▶ Task to complete
Repeat the data that follows, word for word, without the images.

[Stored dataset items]
= = = = = = =
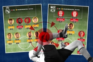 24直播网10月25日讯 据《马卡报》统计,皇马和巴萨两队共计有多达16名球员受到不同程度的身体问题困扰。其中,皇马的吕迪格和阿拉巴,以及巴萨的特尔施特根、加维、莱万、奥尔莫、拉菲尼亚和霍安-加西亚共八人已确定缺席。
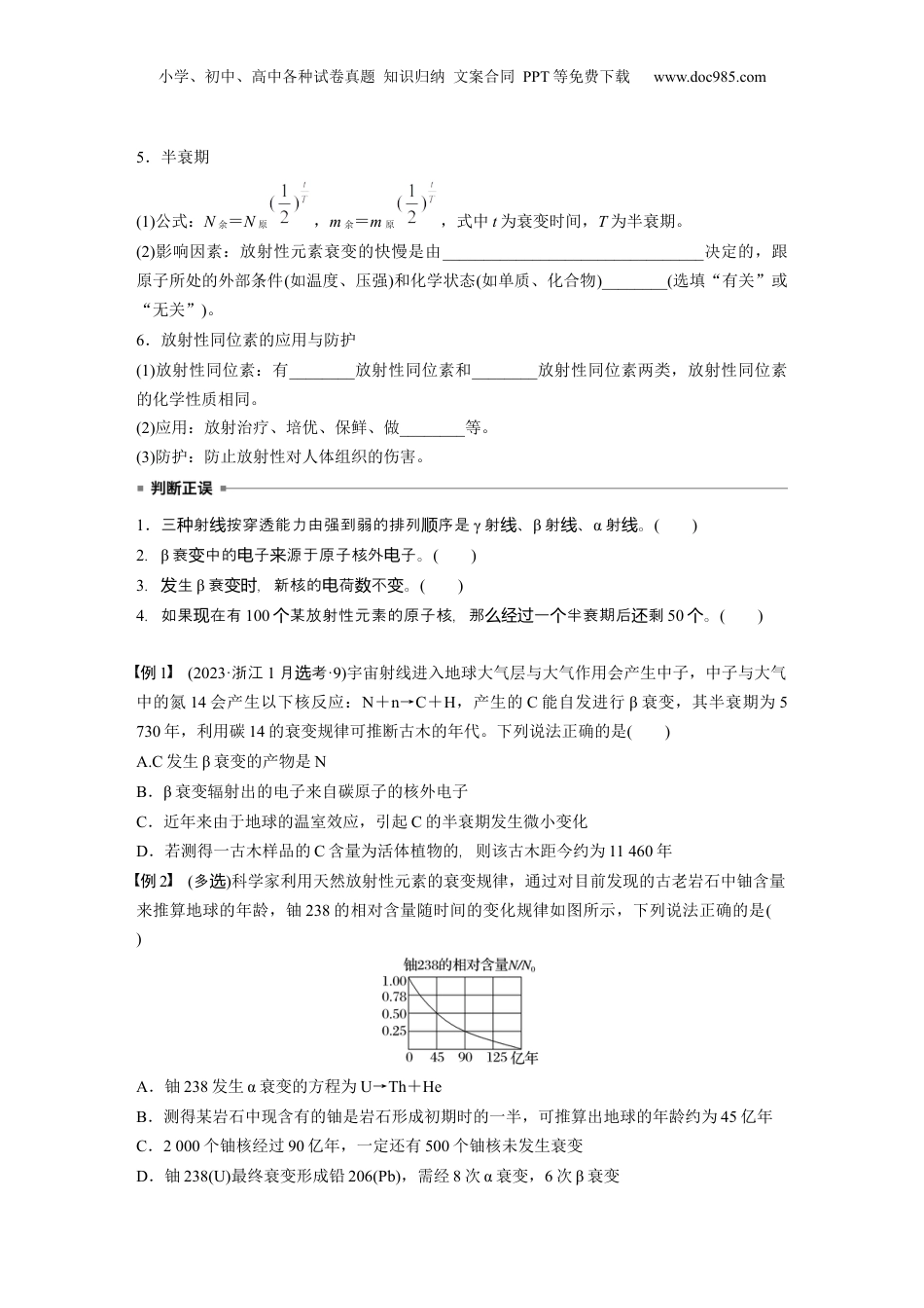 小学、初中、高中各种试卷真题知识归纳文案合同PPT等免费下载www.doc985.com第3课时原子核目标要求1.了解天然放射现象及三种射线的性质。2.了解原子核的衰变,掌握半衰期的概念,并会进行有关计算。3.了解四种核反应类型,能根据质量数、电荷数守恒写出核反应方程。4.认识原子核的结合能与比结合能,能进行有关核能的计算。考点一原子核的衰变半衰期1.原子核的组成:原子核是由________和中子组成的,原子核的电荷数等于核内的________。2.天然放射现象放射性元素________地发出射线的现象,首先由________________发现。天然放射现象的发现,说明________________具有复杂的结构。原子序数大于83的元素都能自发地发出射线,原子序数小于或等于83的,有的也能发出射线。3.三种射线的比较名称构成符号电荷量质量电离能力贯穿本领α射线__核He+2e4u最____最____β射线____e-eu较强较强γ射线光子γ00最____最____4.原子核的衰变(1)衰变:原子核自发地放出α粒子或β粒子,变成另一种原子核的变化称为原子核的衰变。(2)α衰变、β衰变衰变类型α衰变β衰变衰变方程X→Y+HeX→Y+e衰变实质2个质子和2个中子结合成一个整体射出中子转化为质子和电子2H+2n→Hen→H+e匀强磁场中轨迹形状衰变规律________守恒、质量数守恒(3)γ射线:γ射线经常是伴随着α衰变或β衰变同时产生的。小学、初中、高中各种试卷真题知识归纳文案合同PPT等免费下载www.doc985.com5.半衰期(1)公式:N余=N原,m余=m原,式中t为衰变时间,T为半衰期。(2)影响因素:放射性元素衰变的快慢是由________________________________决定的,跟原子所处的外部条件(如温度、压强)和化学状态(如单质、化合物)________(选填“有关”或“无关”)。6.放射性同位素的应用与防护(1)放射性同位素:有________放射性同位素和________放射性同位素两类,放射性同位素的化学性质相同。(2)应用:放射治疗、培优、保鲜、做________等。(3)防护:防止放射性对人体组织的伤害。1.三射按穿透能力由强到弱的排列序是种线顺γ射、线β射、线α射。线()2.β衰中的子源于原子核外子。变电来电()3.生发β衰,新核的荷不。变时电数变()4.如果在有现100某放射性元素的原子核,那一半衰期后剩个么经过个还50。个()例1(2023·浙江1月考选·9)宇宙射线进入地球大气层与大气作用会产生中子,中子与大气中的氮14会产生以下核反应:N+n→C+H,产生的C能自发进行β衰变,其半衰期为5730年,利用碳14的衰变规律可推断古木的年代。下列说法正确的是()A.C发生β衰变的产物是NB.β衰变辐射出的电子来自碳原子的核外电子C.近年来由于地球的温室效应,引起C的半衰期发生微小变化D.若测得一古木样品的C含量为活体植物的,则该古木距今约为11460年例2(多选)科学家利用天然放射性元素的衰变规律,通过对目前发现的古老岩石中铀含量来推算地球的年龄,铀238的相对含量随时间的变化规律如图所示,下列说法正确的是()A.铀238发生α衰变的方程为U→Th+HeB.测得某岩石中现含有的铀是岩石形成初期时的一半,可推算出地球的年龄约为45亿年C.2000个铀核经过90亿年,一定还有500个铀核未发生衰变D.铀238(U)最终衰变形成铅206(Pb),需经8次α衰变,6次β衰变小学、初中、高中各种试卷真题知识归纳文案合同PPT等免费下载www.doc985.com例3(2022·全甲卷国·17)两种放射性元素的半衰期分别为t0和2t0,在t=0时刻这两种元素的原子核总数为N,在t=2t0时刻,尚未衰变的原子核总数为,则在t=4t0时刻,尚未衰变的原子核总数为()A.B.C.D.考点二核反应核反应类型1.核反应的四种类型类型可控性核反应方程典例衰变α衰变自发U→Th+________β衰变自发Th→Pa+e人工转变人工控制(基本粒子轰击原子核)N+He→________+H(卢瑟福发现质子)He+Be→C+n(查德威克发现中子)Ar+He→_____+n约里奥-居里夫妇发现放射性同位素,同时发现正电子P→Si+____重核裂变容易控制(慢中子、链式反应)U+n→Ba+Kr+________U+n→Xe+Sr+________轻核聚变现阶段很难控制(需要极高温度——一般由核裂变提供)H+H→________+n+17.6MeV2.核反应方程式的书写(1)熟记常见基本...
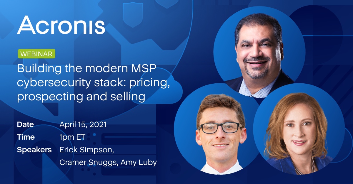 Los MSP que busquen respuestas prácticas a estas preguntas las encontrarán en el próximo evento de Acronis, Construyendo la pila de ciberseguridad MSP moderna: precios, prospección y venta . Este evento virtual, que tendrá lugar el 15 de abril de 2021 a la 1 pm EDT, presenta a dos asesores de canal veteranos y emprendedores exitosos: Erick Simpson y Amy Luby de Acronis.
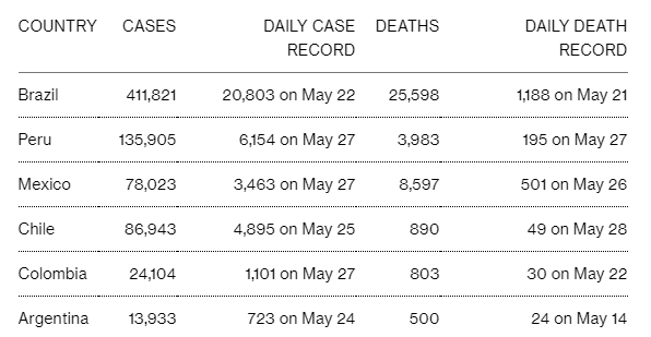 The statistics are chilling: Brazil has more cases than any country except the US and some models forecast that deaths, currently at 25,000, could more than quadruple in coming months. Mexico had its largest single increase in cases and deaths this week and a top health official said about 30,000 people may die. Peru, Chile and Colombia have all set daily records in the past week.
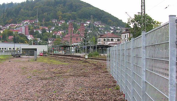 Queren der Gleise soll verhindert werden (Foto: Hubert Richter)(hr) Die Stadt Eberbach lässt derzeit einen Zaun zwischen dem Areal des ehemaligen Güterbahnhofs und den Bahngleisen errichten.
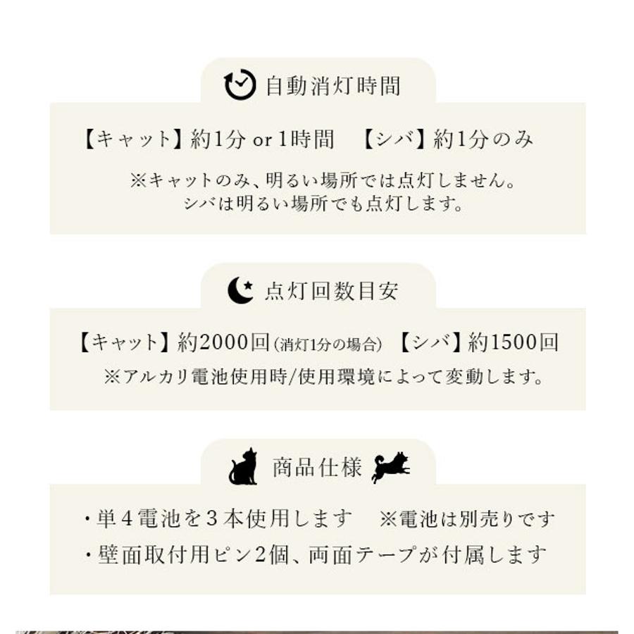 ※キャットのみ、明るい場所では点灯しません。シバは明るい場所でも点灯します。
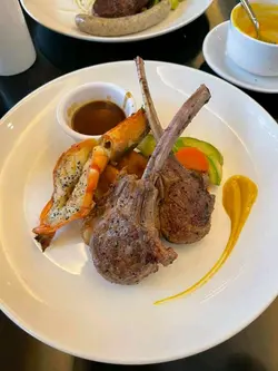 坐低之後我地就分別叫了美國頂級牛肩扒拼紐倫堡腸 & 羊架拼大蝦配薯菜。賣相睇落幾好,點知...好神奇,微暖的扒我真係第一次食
= = = = = = =
▶ Answer to this exercise
 24直播网10月25日讯 据《马卡报》统计,皇马和巴萨两队共计有多达16名球员受到不同程度的身体问题困扰。其中,皇马的吕迪格和阿拉巴,以及巴萨的特尔施特根、加维、莱万、奥尔莫、拉菲尼亚和霍安-加西亚共八人已确定缺席。
 小学、初中、高中各种试卷真题知识归纳文案合同PPT等免费下载www.doc985.com第3课时原子核目标要求1.了解天然放射现象及三种射线的性质。2.了解原子核的衰变,掌握半衰期的概念,并会进行有关计算。3.了解四种核反应类型,能根据质量数、电荷数守恒写出核反应方程。4.认识原子核的结合能与比结合能,能进行有关核能的计算。考点一原子核的衰变半衰期1.原子核的组成:原子核是由________和中子组成的,原子核的电荷数等于核内的________。2.天然放射现象放射性元素________地发出射线的现象,首先由________________发现。天然放射现象的发现,说明________________具有复杂的结构。原子序数大于83的元素都能自发地发出射线,原子序数小于或等于83的,有的也能发出射线。3.三种射线的比较名称构成符号电荷量质量电离能力贯穿本领α射线__核He+2e4u最____最____β射线____e-eu较强较强γ射线光子γ00最____最____4.原子核的衰变(1)衰变:原子核自发地放出α粒子或β粒子,变成另一种原子核的变化称为原子核的衰变。(2)α衰变、β衰变衰变类型α衰变β衰变衰变方程X→Y+HeX→Y+e衰变实质2个质子和2个中子结合成一个整体射出中子转化为质子和电子2H+2n→Hen→H+e匀强磁场中轨迹形状衰变规律________守恒、质量数守恒(3)γ射线:γ射线经常是伴随着α衰变或β衰变同时产生的。小学、初中、高中各种试卷真题知识归纳文案合同PPT等免费下载www.doc985.com5.半衰期(1)公式:N余=N原,m余=m原,式中t为衰变时间,T为半衰期。(2)影响因素:放射性元素衰变的快慢是由________________________________决定的,跟原子所处的外部条件(如温度、压强)和化学状态(如单质、化合物)________(选填“有关”或“无关”)。6.放射性同位素的应用与防护(1)放射性同位素:有________放射性同位素和________放射性同位素两类,放射性同位素的化学性质相同。(2)应用:放射治疗、培优、保鲜、做________等。(3)防护:防止放射性对人体组织的伤害。1.三射按穿透能力由强到弱的排列序是种线顺γ射、线β射、线α射。线()2.β衰中的子源于原子核外子。变电来电()3.生发β衰,新核的荷不。变时电数变()4.如果在有现100某放射性元素的原子核,那一半衰期后剩个么经过个还50。个()例1(2023·浙江1月考选·9)宇宙射线进入地球大气层与大气作用会产生中子,中子与大气中的氮14会产生以下核反应:N+n→C+H,产生的C能自发进行β衰变,其半衰期为5730年,利用碳14的衰变规律可推断古木的年代。下列说法正确的是()A.C发生β衰变的产物是NB.β衰变辐射出的电子来自碳原子的核外电子C.近年来由于地球的温室效应,引起C的半衰期发生微小变化D.若测得一古木样品的C含量为活体植物的,则该古木距今约为11460年例2(多选)科学家利用天然放射性元素的衰变规律,通过对目前发现的古老岩石中铀含量来推算地球的年龄,铀238的相对含量随时间的变化规律如图所示,下列说法正确的是()A.铀238发生α衰变的方程为U→Th+HeB.测得某岩石中现含有的铀是岩石形成初期时的一半,可推算出地球的年龄约为45亿年C.2000个铀核经过90亿年,一定还有500个铀核未发生衰变D.铀238(U)最终衰变形成铅206(Pb),需经8次α衰变,6次β衰变小学、初中、高中各种试卷真题知识归纳文案合同PPT等免费下载www.doc985.com例3(2022·全甲卷国·17)两种放射性元素的半衰期分别为t0和2t0,在t=0时刻这两种元素的原子核总数为N,在t=2t0时刻,尚未衰变的原子核总数为,则在t=4t0时刻,尚未衰变的原子核总数为()A.B.C.D.考点二核反应核反应类型1.核反应的四种类型类型可控性核反应方程典例衰变α衰变自发U→Th+________β衰变自发Th→Pa+e人工转变人工控制(基本粒子轰击原子核)N+He→________+H(卢瑟福发现质子)He+Be→C+n(查德威克发现中子)Ar+He→_____+n约里奥-居里夫妇发现放射性同位素,同时发现正电子P→Si+____重核裂变容易控制(慢中子、链式反应)U+n→Ba+Kr+________U+n→Xe+Sr+________轻核聚变现阶段很难控制(需要极高温度——一般由核裂变提供)H+H→________+n+17.6MeV2.核反应方程式的书写(1)熟记常见基本...
 Los MSP que busquen respuestas prácticas a estas preguntas las encontrarán en el próximo evento de Acronis, Construyendo la pila de ciberseguridad MSP moderna: precios, prospección y venta . Este evento virtual, que tendrá lugar el 15 de abril de 2021 a la 1 pm EDT, presenta a dos asesores de canal veteranos y emprendedores exitosos: Erick Simpson y Amy Luby de Acronis.
 The statistics are chilling: Brazil has more cases than any country except the US and some models forecast that deaths, currently at 25,000, could more than quadruple in coming months. Mexico had its largest single increase in cases and deaths this week and a top health official said about 30,000 people may die. Peru, Chile and Colombia have all set daily records in the past week.
 Queren der Gleise soll verhindert werden (Foto: Hubert Richter)(hr) Die Stadt Eberbach lässt derzeit einen Zaun zwischen dem Areal des ehemaligen Güterbahnhofs und den Bahngleisen errichten.
 ※キャットのみ、明るい場所では点灯しません。シバは明るい場所でも点灯します。
 坐低之後我地就分別叫了美國頂級牛肩扒拼紐倫堡腸 & 羊架拼大蝦配薯菜。賣相睇落幾好,點知...好神奇,微暖的扒我真係第一次食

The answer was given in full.